• **Data for this task**:
● ● ● ●

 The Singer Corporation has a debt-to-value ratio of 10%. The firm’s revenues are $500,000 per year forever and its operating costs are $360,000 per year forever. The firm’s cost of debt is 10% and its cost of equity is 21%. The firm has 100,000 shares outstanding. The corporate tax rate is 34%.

● ● ● ●

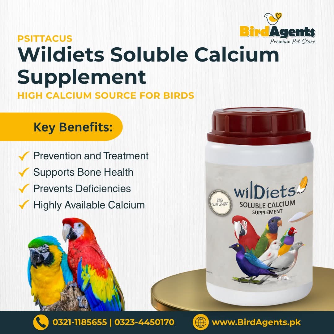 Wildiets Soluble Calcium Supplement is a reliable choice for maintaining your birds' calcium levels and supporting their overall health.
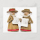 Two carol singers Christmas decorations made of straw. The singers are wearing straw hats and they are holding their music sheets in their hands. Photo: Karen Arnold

● ● ● ●

Each line from the one that contains "Wildiets Soluble Calcium" down to the one that contains "Two carol singers" is to be returned exactly as it stands above, both ends included, with pictures removed.

• **Answer section**:
 Wildiets Soluble Calcium Supplement is a reliable choice for maintaining your birds' calcium levels and supporting their overall health.
 Two carol singers Christmas decorations made of straw. The singers are wearing straw hats and they are holding their music sheets in their hands. Photo: Karen Arnold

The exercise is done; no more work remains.